● **PROBLEM STATEMENT**
All of the data below should come back exactly as written, minus its images.

● **DATA SEGMENT**
Segment Open

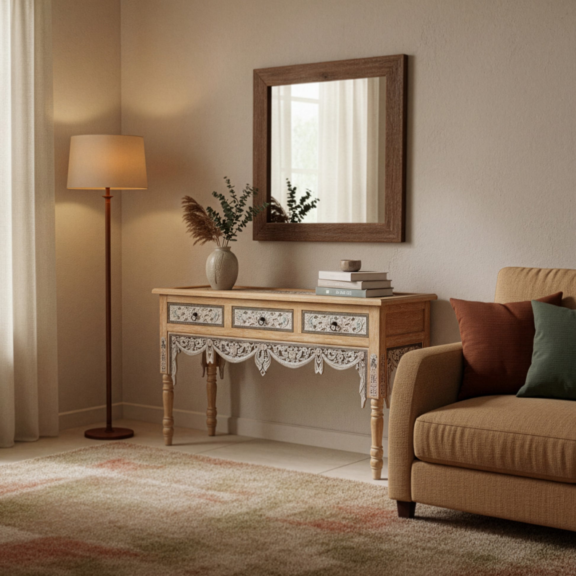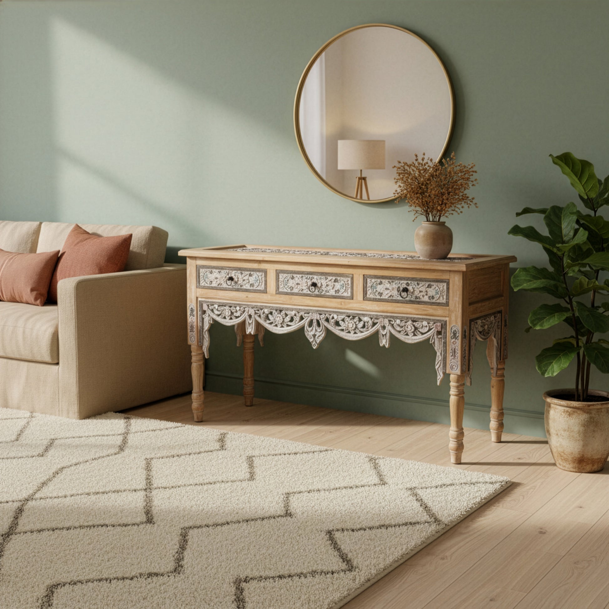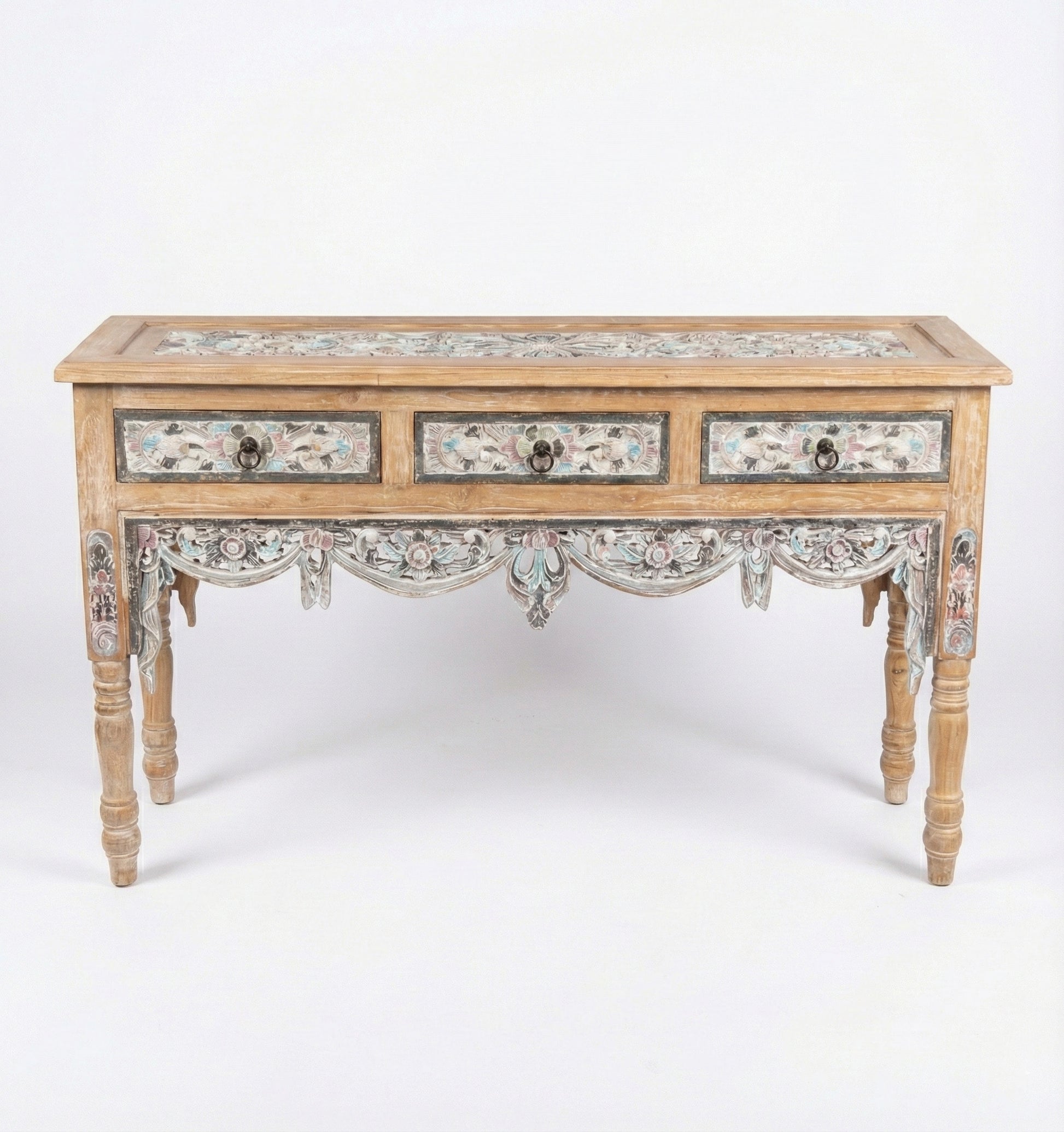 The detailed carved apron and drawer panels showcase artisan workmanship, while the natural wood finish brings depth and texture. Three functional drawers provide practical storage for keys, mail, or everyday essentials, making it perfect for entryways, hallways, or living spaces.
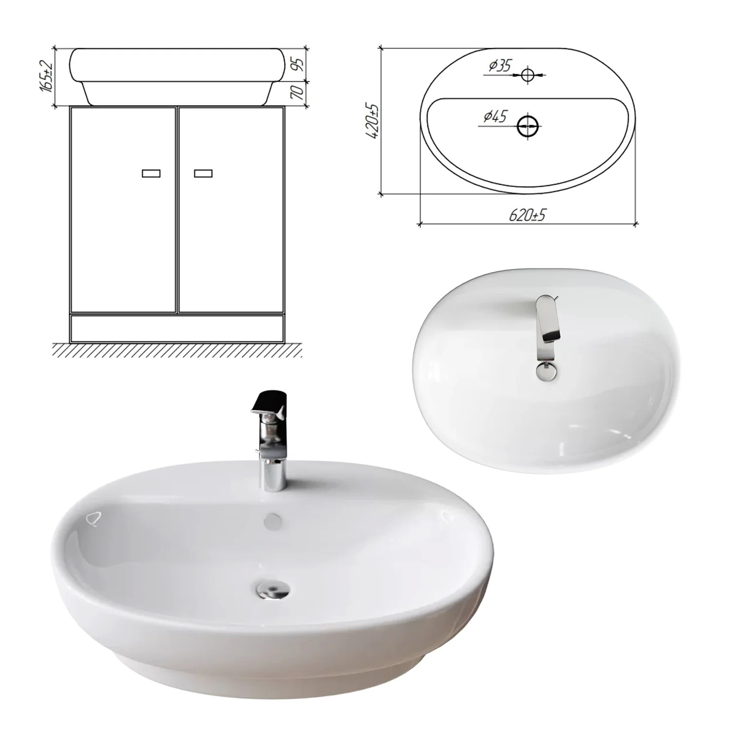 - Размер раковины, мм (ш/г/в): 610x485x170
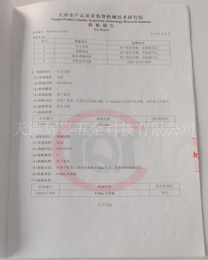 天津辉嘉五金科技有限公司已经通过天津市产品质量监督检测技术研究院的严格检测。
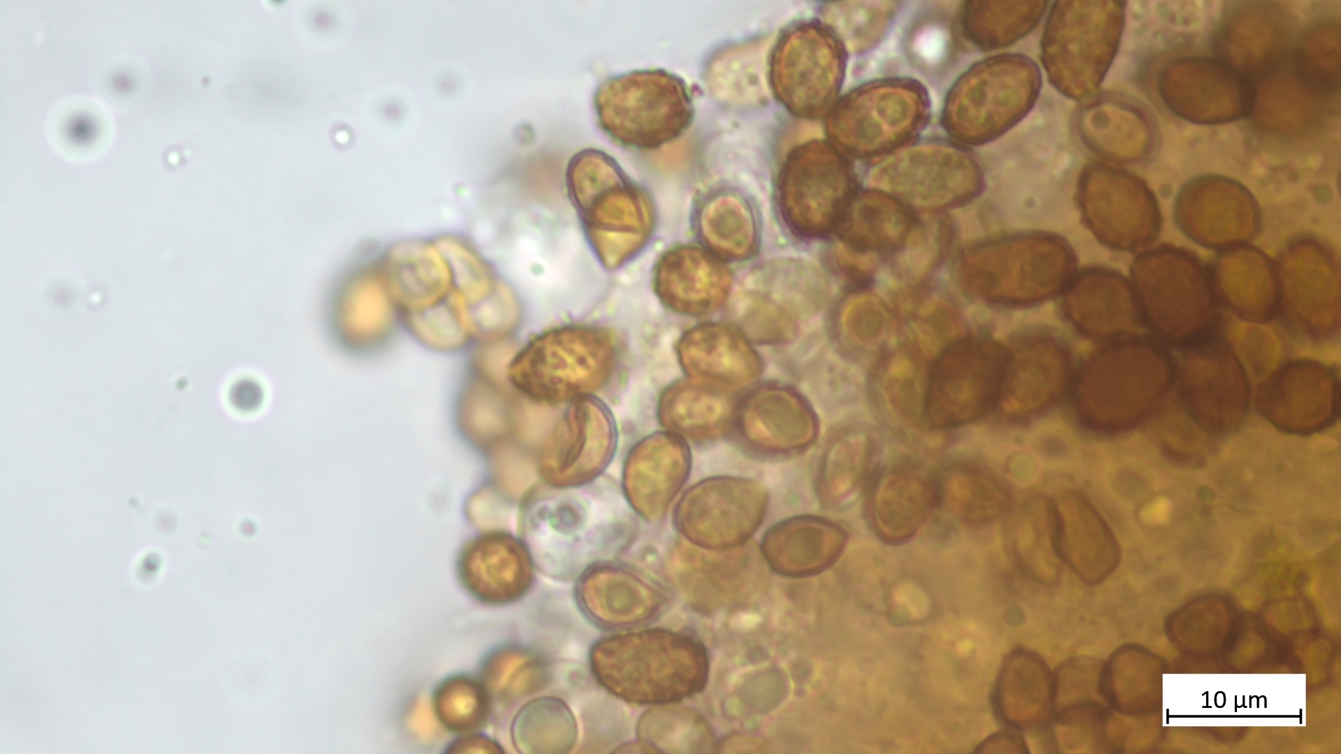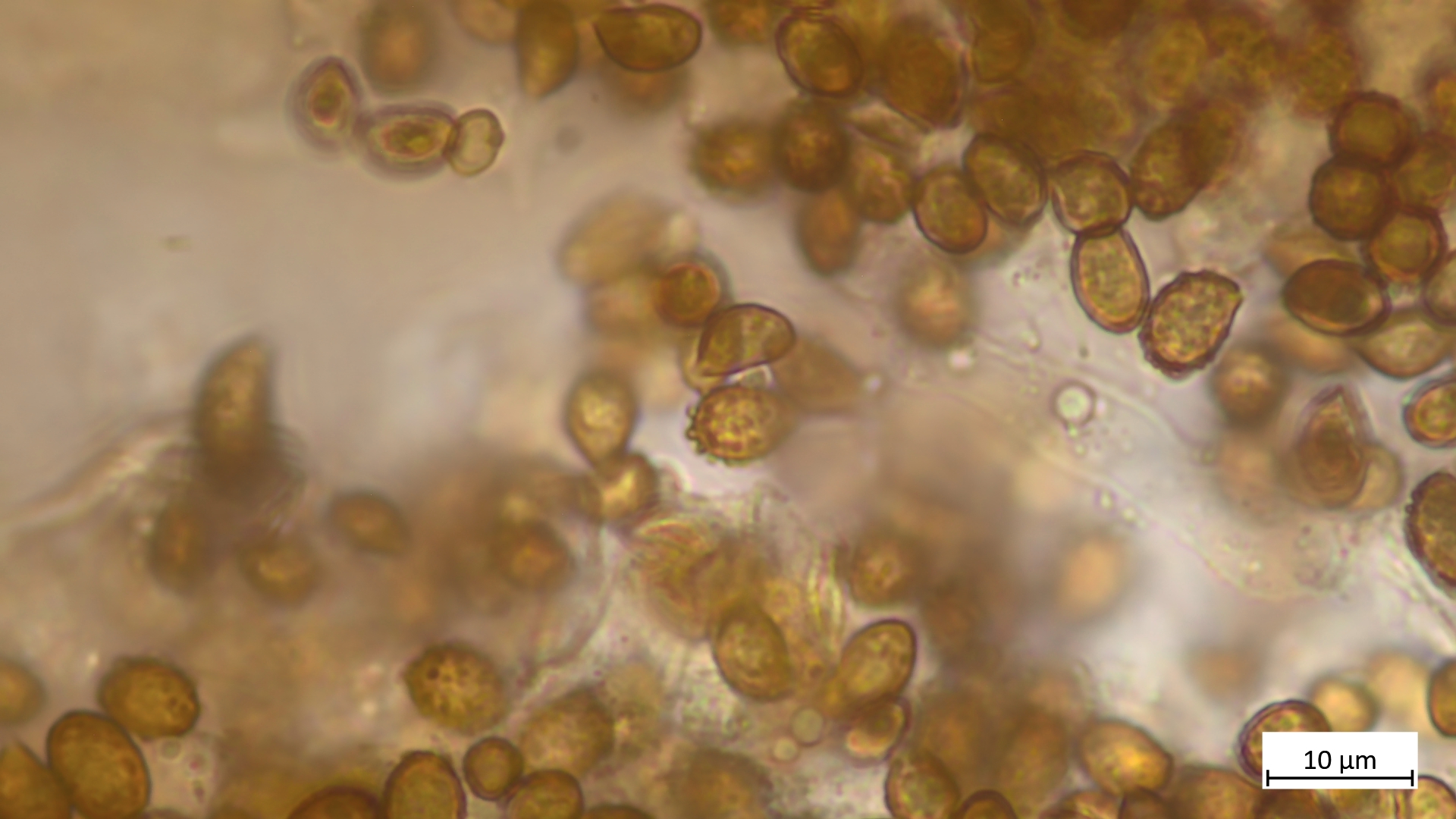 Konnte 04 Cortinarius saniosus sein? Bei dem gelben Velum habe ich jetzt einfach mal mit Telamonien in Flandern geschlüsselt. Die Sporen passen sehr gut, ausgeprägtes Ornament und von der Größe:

Segment Closed

● **THE COMPLETED TASK**
 The detailed carved apron and drawer panels showcase artisan workmanship, while the natural wood finish brings depth and texture. Three functional drawers provide practical storage for keys, mail, or everyday essentials, making it perfect for entryways, hallways, or living spaces.
 - Размер раковины, мм (ш/г/в): 610x485x170
 天津辉嘉五金科技有限公司已经通过天津市产品质量监督检测技术研究院的严格检测。
 Konnte 04 Cortinarius saniosus sein? Bei dem gelben Velum habe ich jetzt einfach mal mit Telamonien in Flandern geschlüsselt. Die Sporen passen sehr gut, ausgeprägtes Ornament und von der Größe:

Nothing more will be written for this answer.